Given records:
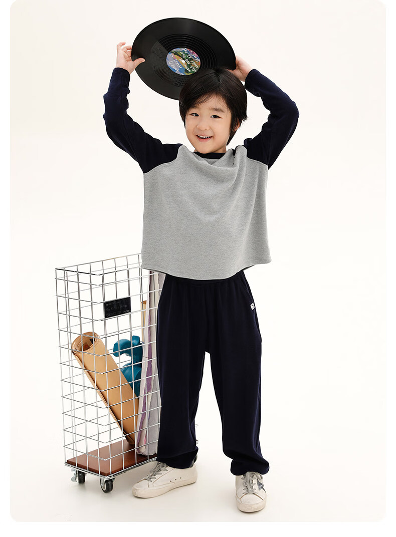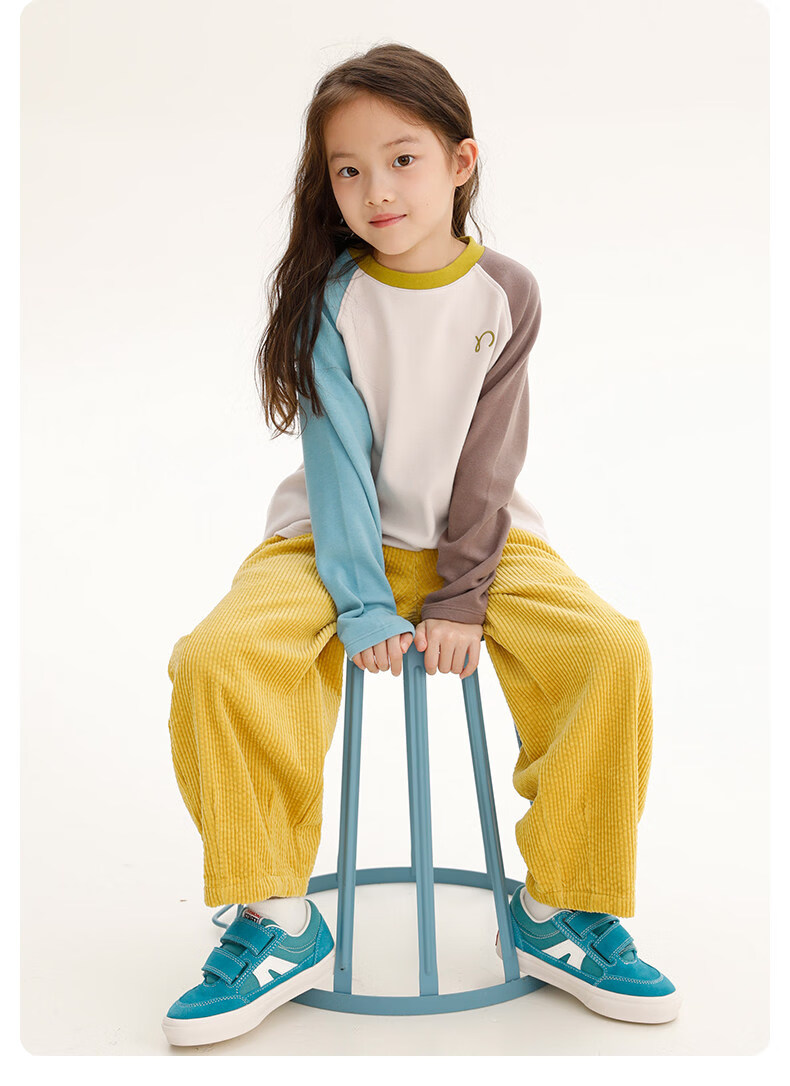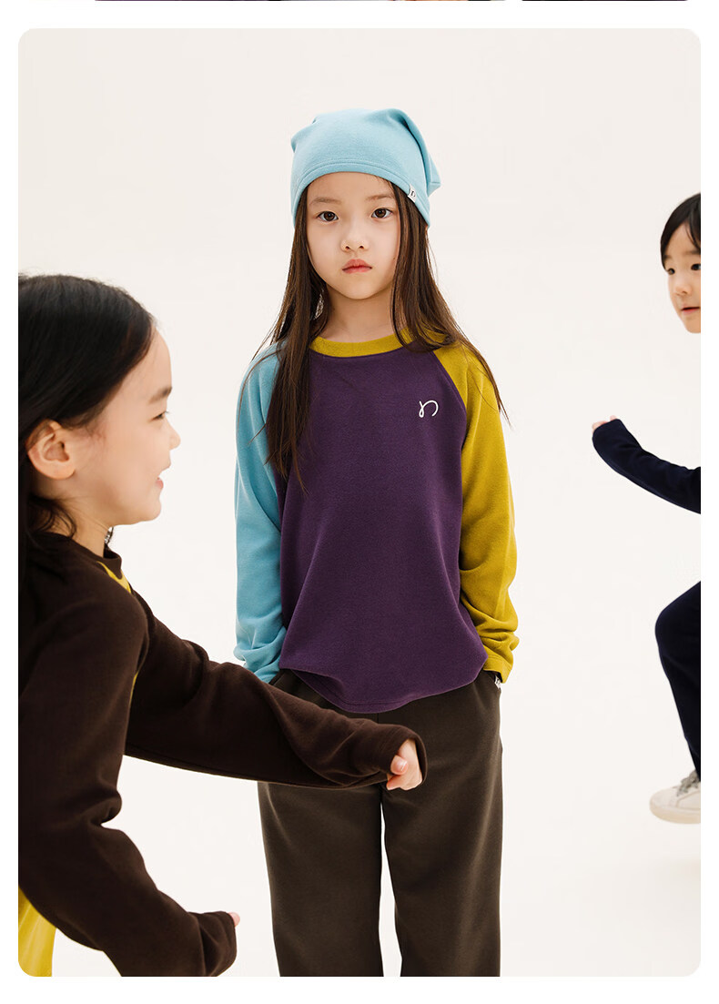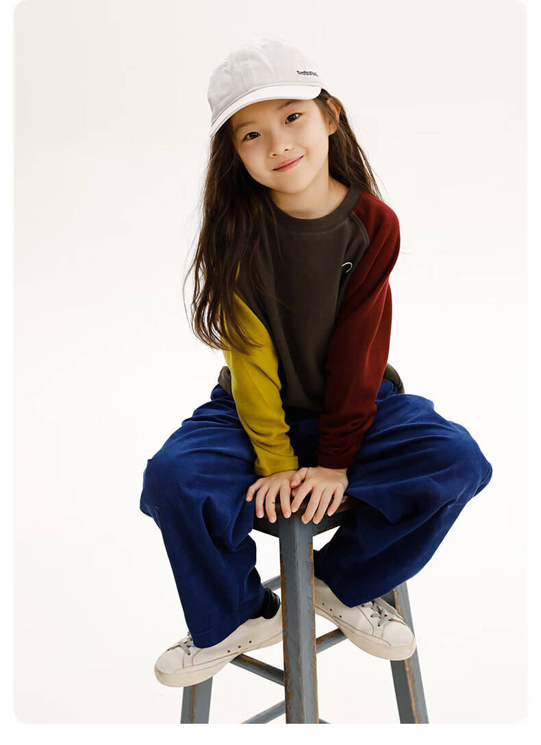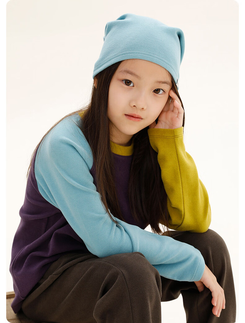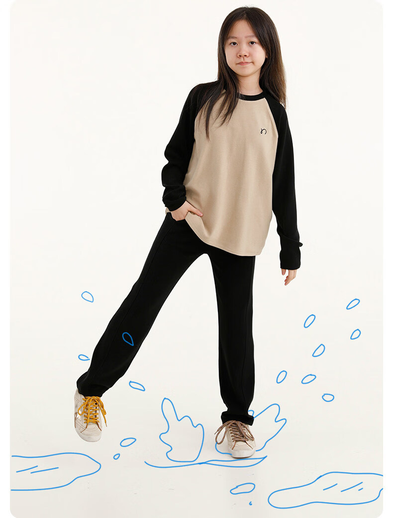 Najie capsule Najie family parent-child light warm velvet without static electricity children's warm thin velvet raglan long-sleeved T-shirt milk gray white sweet powder splicing ready stock 165 cm
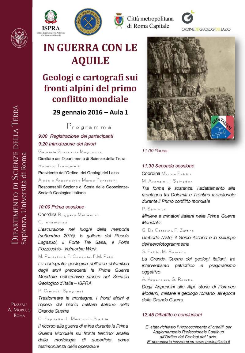 Venerdì 29 gennaio, presso il Dipartimento di Scienze della Terra de “La Sapienza” Università di Roma, si è tenuto il convegno “In guerra con le aquile”.
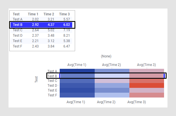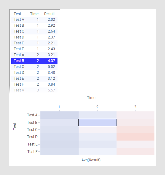 La columna Test está seleccionada en el eje Y, la columna Time en el eje X y los valores de celda están establecidos para la columna Result. Como en otras visualizaciones, el resaltado y las marcas del mapa de calor se aplican a una o más filas de la tabla de datos subyacente. Esto significa que con la configuración de este ejemplo, al marcar una fila en la tabla se marcará una celda en el mapa de calor.
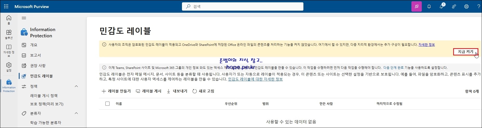 민감도 레이블 화면이 아래 스샷과 같은 메세지가 나온다면 '지금 켜기' 를 클릭 합니다.
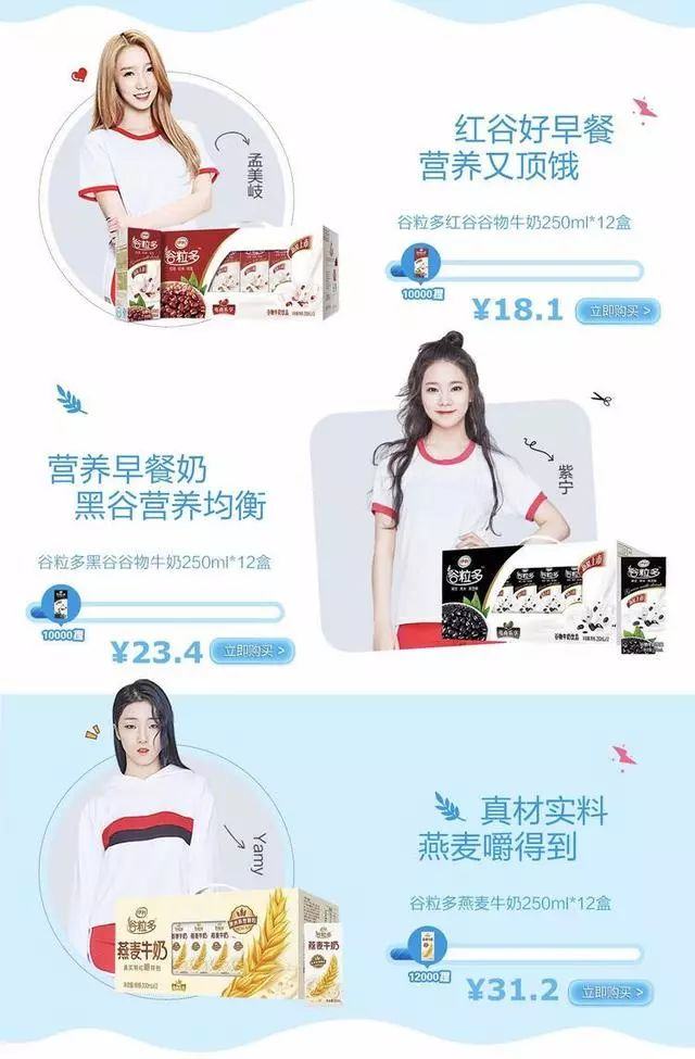 以孟美岐为例,目标为 30 万提的孟美岐粉丝需要购买总额543万的谷粒多红谷谷物牛奶,才能帮助她成为谷粒多代言人。很多粉丝因此怒斥成团后的经纪公司“想钱想疯了”、“吃相太难看”,对这种刺激粉丝消费的方式并不买账。
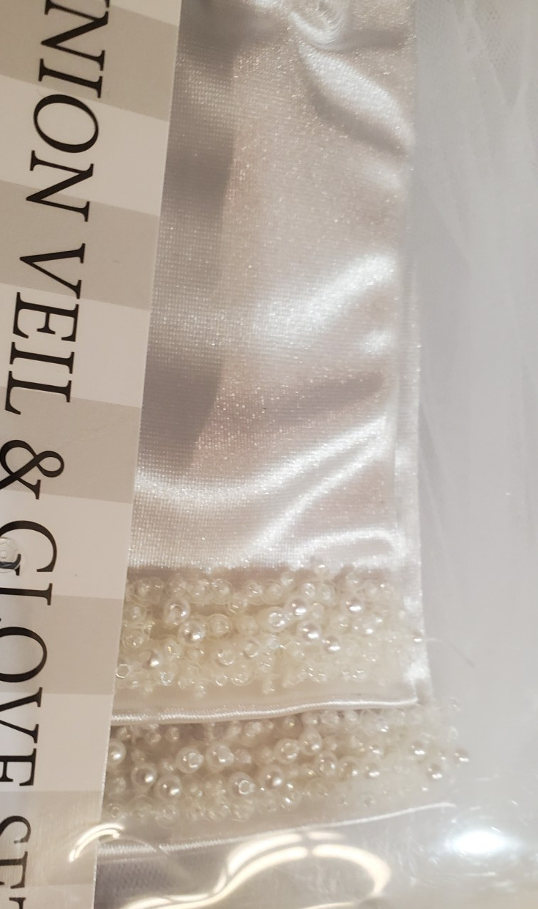 как выглядит Bonnie Jean Little Girls Beaded First Communion Headband Double Veil and Gloves фото
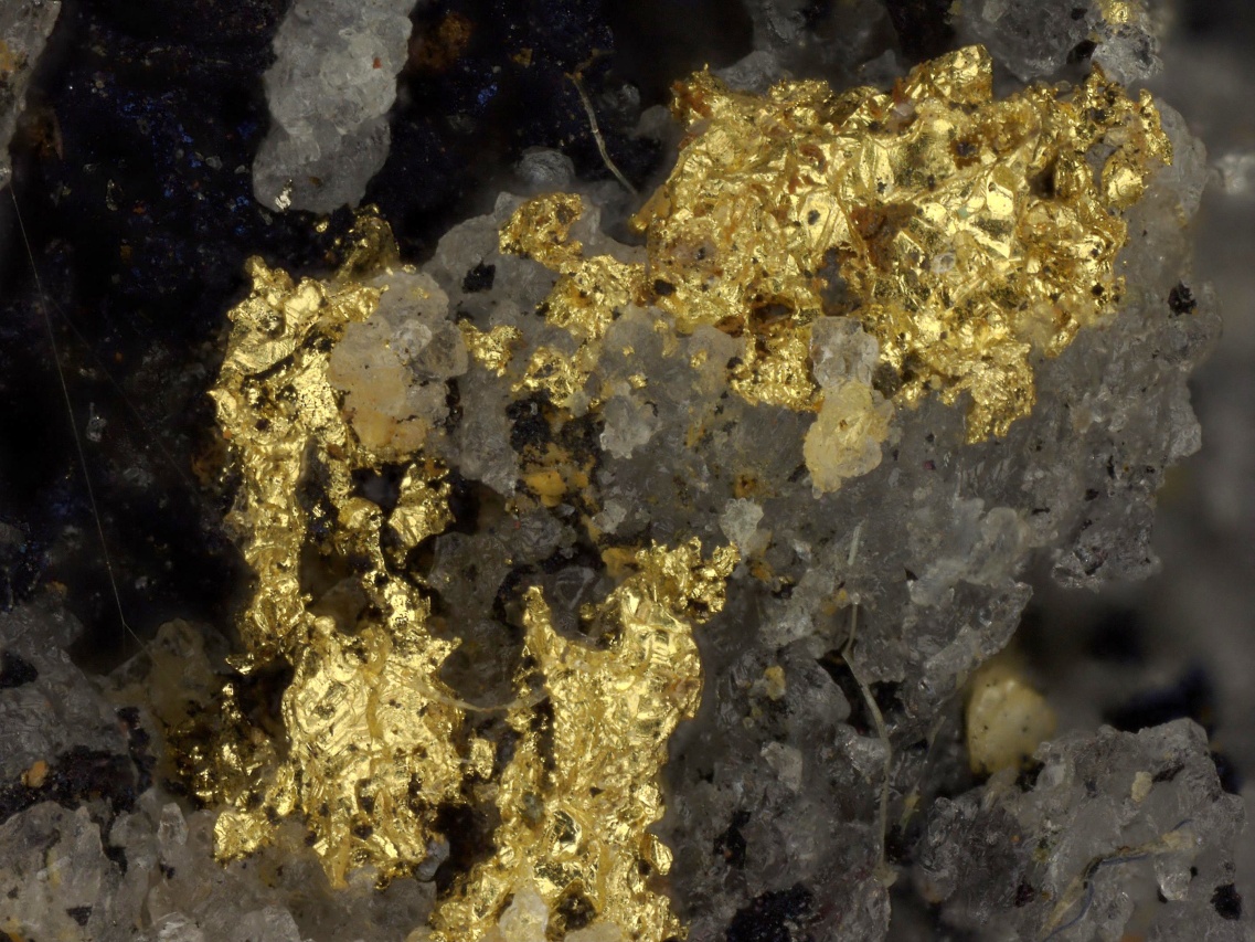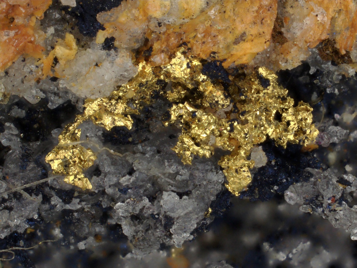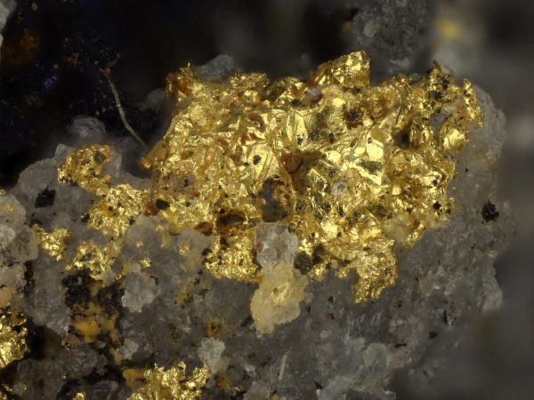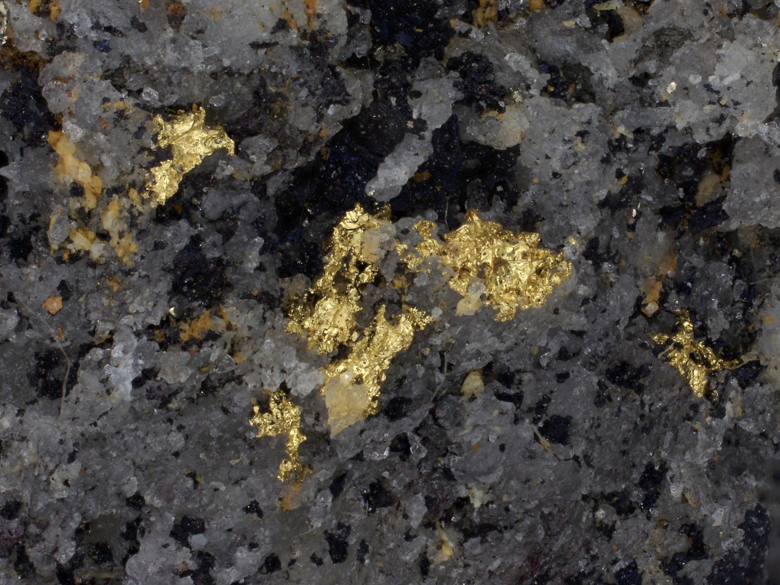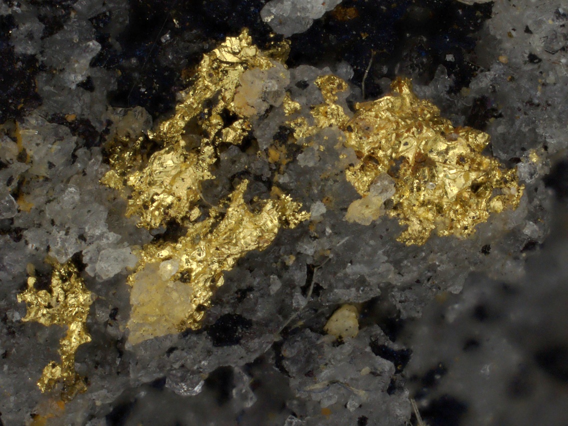 Velmi bohatá ukázka 3-4 mm velkých zlatinek na porézním křemeni s pyritem. Typický neobvykle bohatý vzorek zlata ze Zlatých Hor.
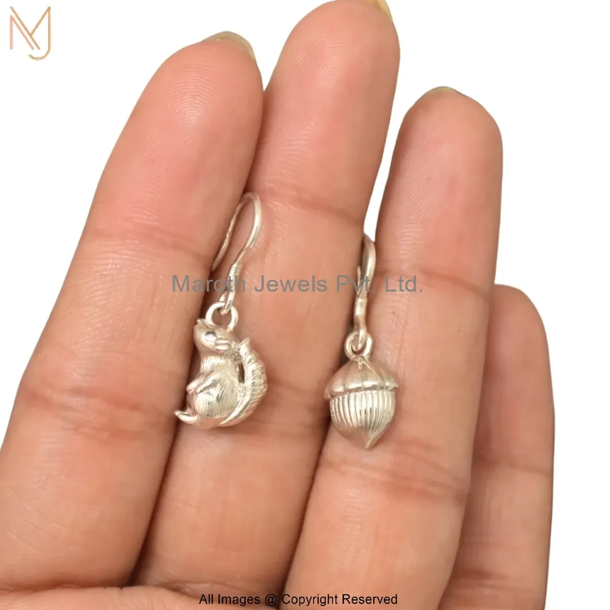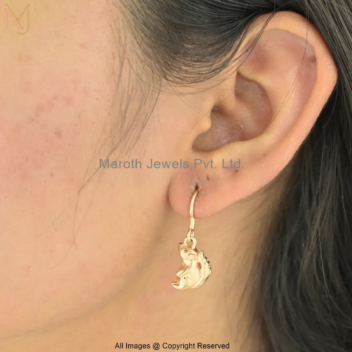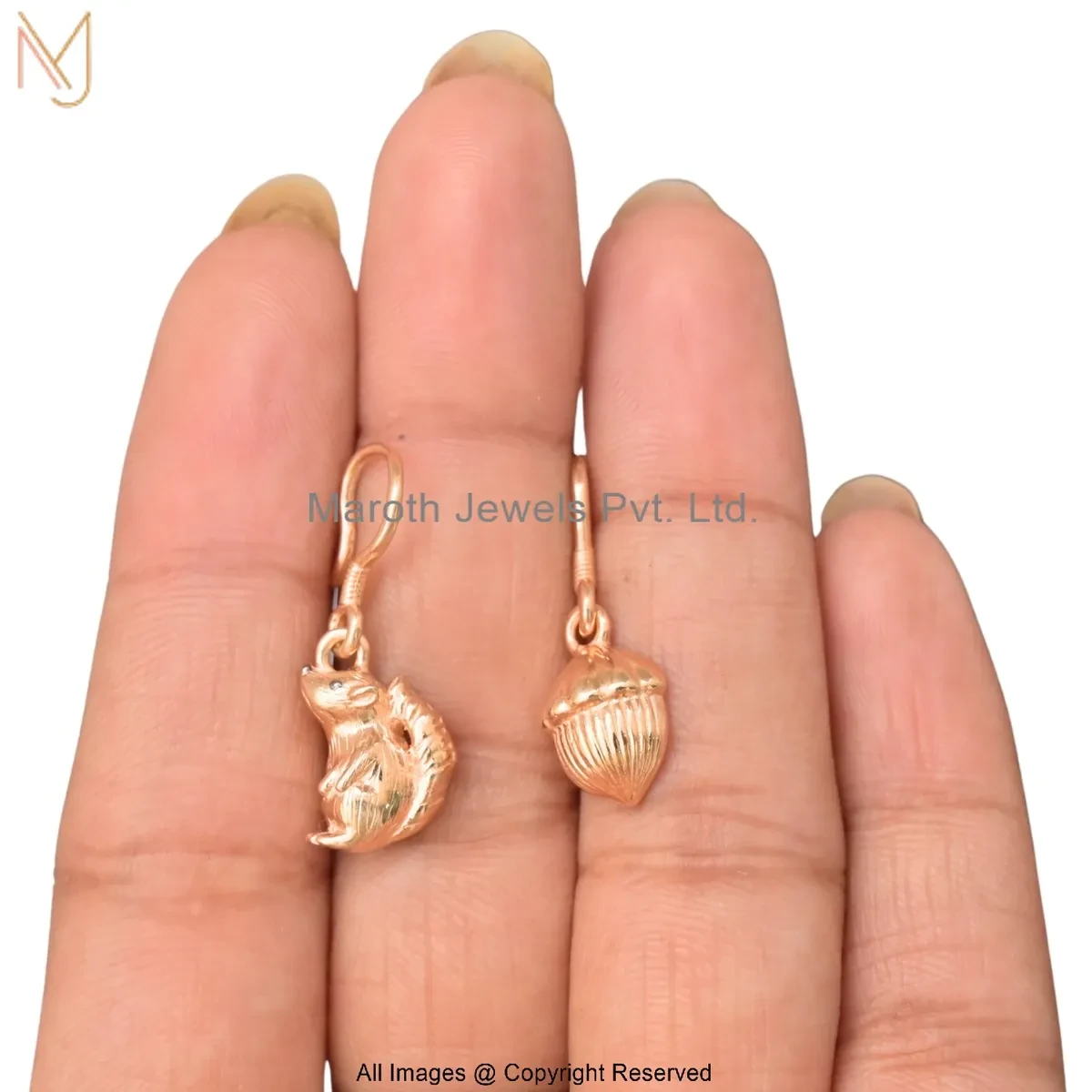 14K Rose Gold Squirrel & Acorn Charm Earrings Custom Jewelry

Exercise: Look above for the line with "Venerdì 29 gennaio, presso" and the line with "Velmi bohatá ukázka"; set down those two lines and all lines between them exactly, without pictures and without anything else.

Output of the exercise:
 Venerdì 29 gennaio, presso il Dipartimento di Scienze della Terra de “La Sapienza” Università di Roma, si è tenuto il convegno “In guerra con le aquile”.
 La columna Test está seleccionada en el eje Y, la columna Time en el eje X y los valores de celda están establecidos para la columna Result. Como en otras visualizaciones, el resaltado y las marcas del mapa de calor se aplican a una o más filas de la tabla de datos subyacente. Esto significa que con la configuración de este ejemplo, al marcar una fila en la tabla se marcará una celda en el mapa de calor.
 민감도 레이블 화면이 아래 스샷과 같은 메세지가 나온다면 '지금 켜기' 를 클릭 합니다.
 以孟美岐为例,目标为 30 万提的孟美岐粉丝需要购买总额543万的谷粒多红谷谷物牛奶,才能帮助她成为谷粒多代言人。很多粉丝因此怒斥成团后的经纪公司“想钱想疯了”、“吃相太难看”,对这种刺激粉丝消费的方式并不买账。
 как выглядит Bonnie Jean Little Girls Beaded First Communion Headband Double Veil and Gloves фото
 Velmi bohatá ukázka 3-4 mm velkých zlatinek na porézním křemeni s pyritem. Typický neobvykle bohatý vzorek zlata ze Zlatých Hor.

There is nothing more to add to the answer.